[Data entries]
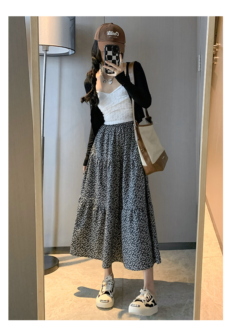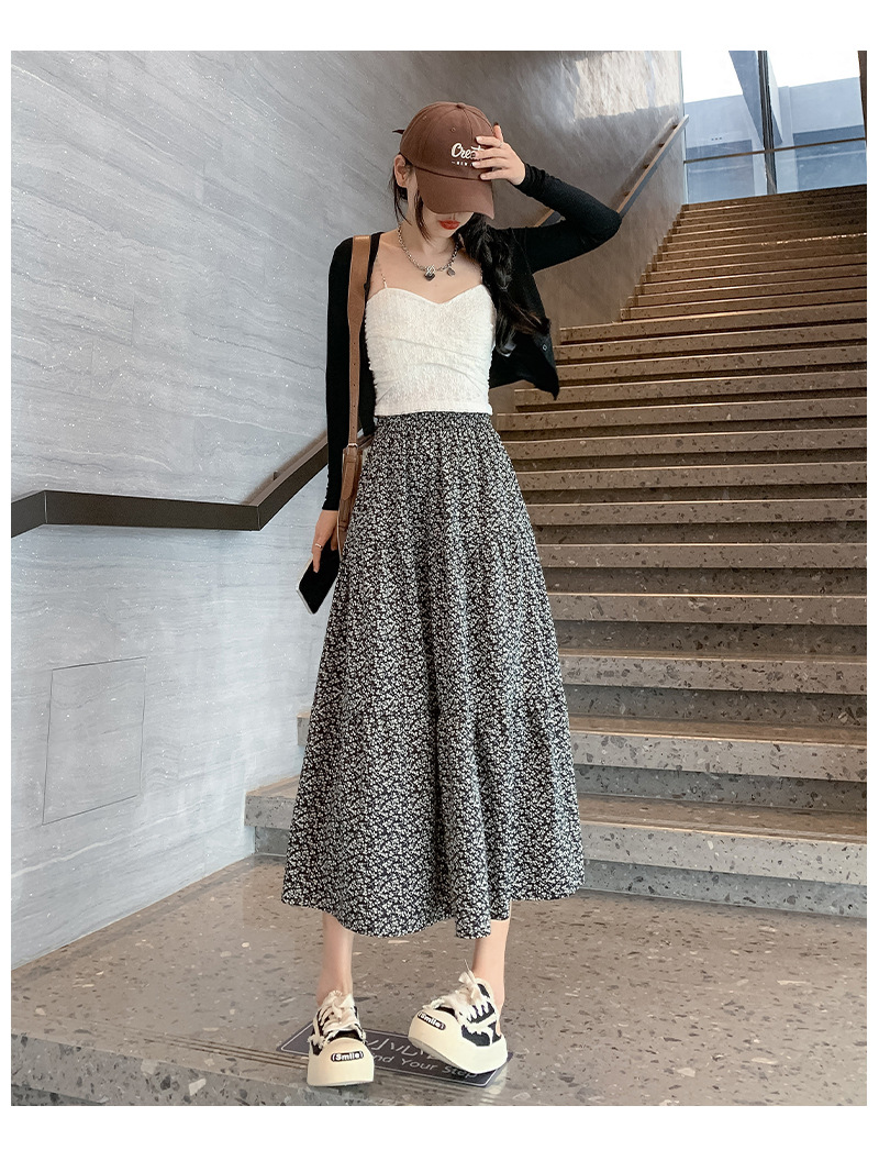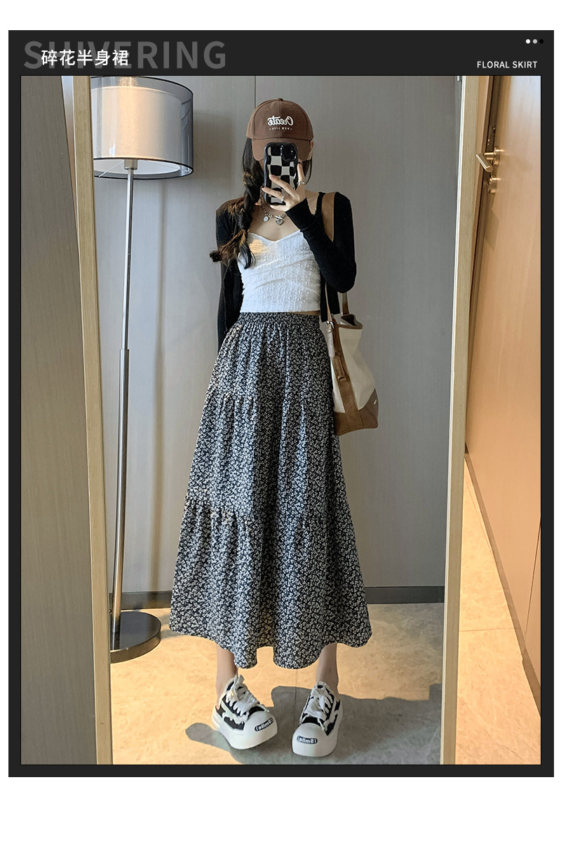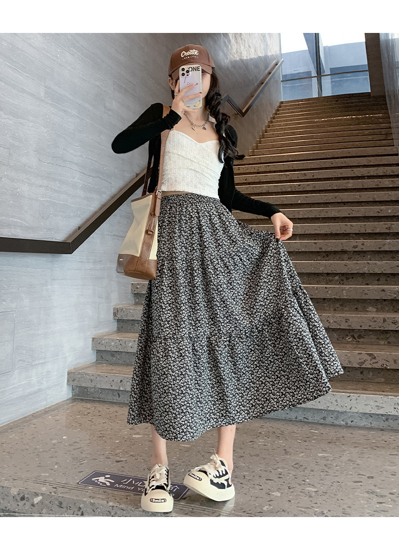 碎花半身蛋糕裙女春夏新款高腰显瘦A字大裙摆温柔风黑色中长款蛋糕裙
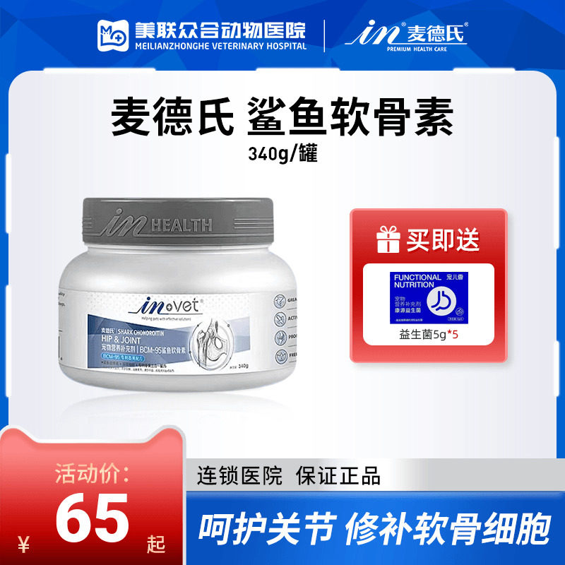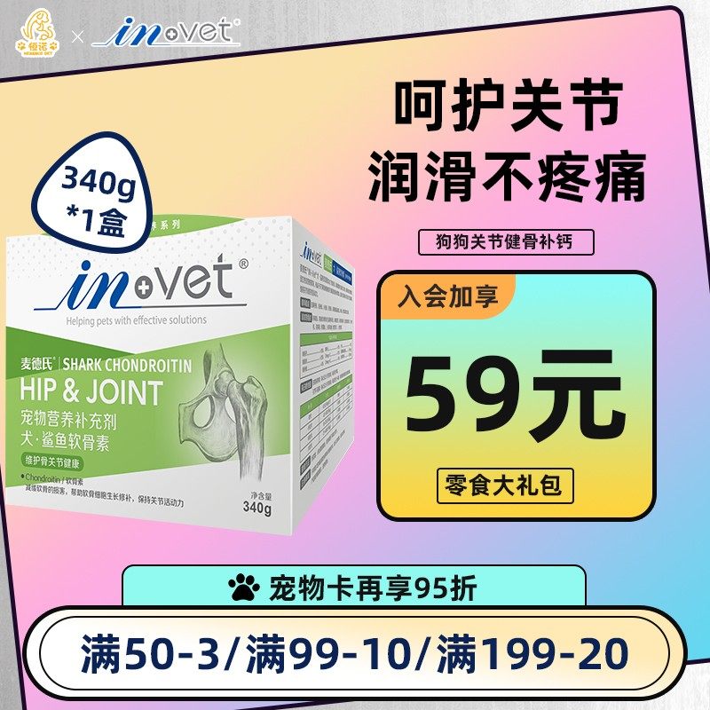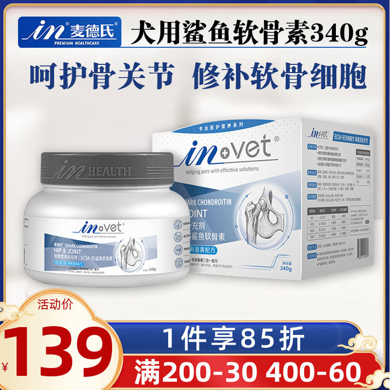 麦德氏INVET鲨鱼软骨素 关节保健修复狗狗钙片关节生 大瓶340G
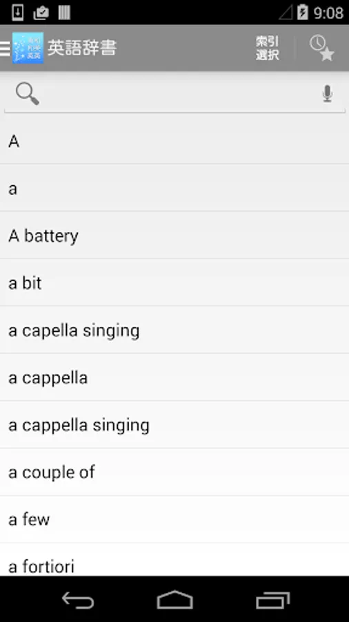 Both Japanese and English support high-speed incremental search (sequential search). Jump search is possible in both English and Japanese, and you can look up English-Japanese and Japanese-English dictionaries one after another. Voice search is also supported in both English and Japanese.
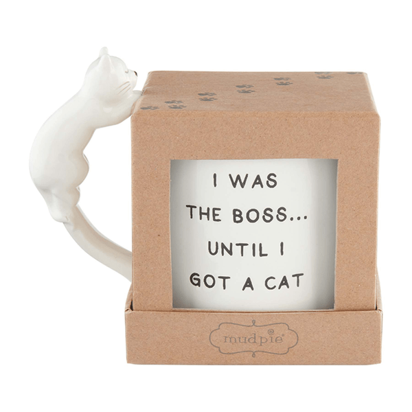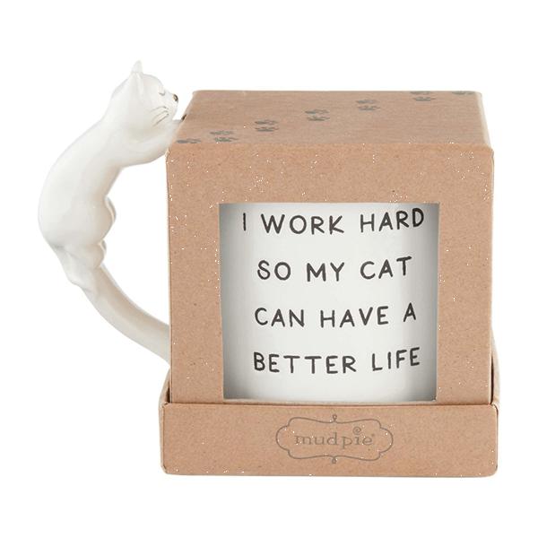 Every cat parent will love this crazy cat lady coffee mug. The ceramic mug features a hand-painted figural cat handle. The front of the coffee mug features a debossed sentiment exterior and paw print on inner rim. The coffee mug features the sentiment "I'm the crazy cat lady they warned you about"
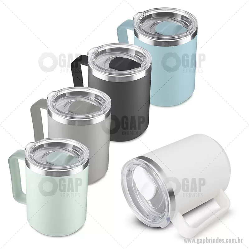 Caneca com capacidade de 450 ml, produzida em plástico PP com interior em inox 304, auxiliando na conservação da temperatura do líquido. Possui alça ergonômica e tampa plástica com vedação de encaixe, proporcionando praticidade e conforto no uso diário. - - GAPCAN107
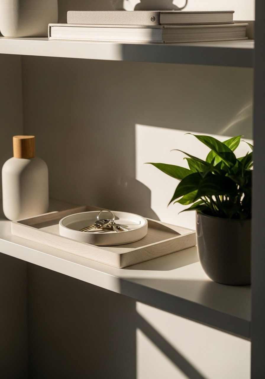 I made an entry shelf with a shallow tray for keys, sunglasses, and mail. It cut down the pile on the console table and looks tidy.
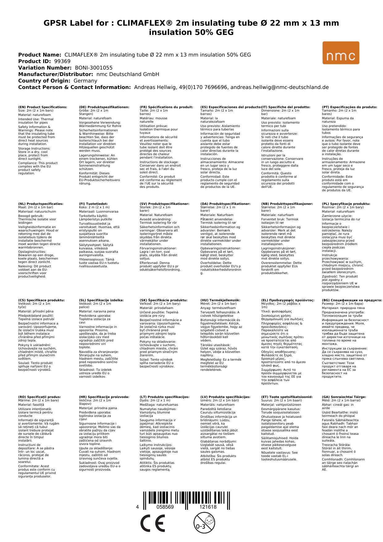 Stellen Sie eine Frage, um mehr über das Produkt zu erfahrenCLIMAFLEX® naturefoam 2m Isolierschlauch Ø 22 mm x 13 mm Dämmung 50% GEG

Exercise description:
Leaving the pictures aside, copy exactly and only the lines from the one holding "I made an entry" through the final line of the data, both ends kept.

Exercise solution:
 I made an entry shelf with a shallow tray for keys, sunglasses, and mail. It cut down the pile on the console table and looks tidy.
 Stellen Sie eine Frage, um mehr über das Produkt zu erfahrenCLIMAFLEX® naturefoam 2m Isolierschlauch Ø 22 mm x 13 mm Dämmung 50% GEG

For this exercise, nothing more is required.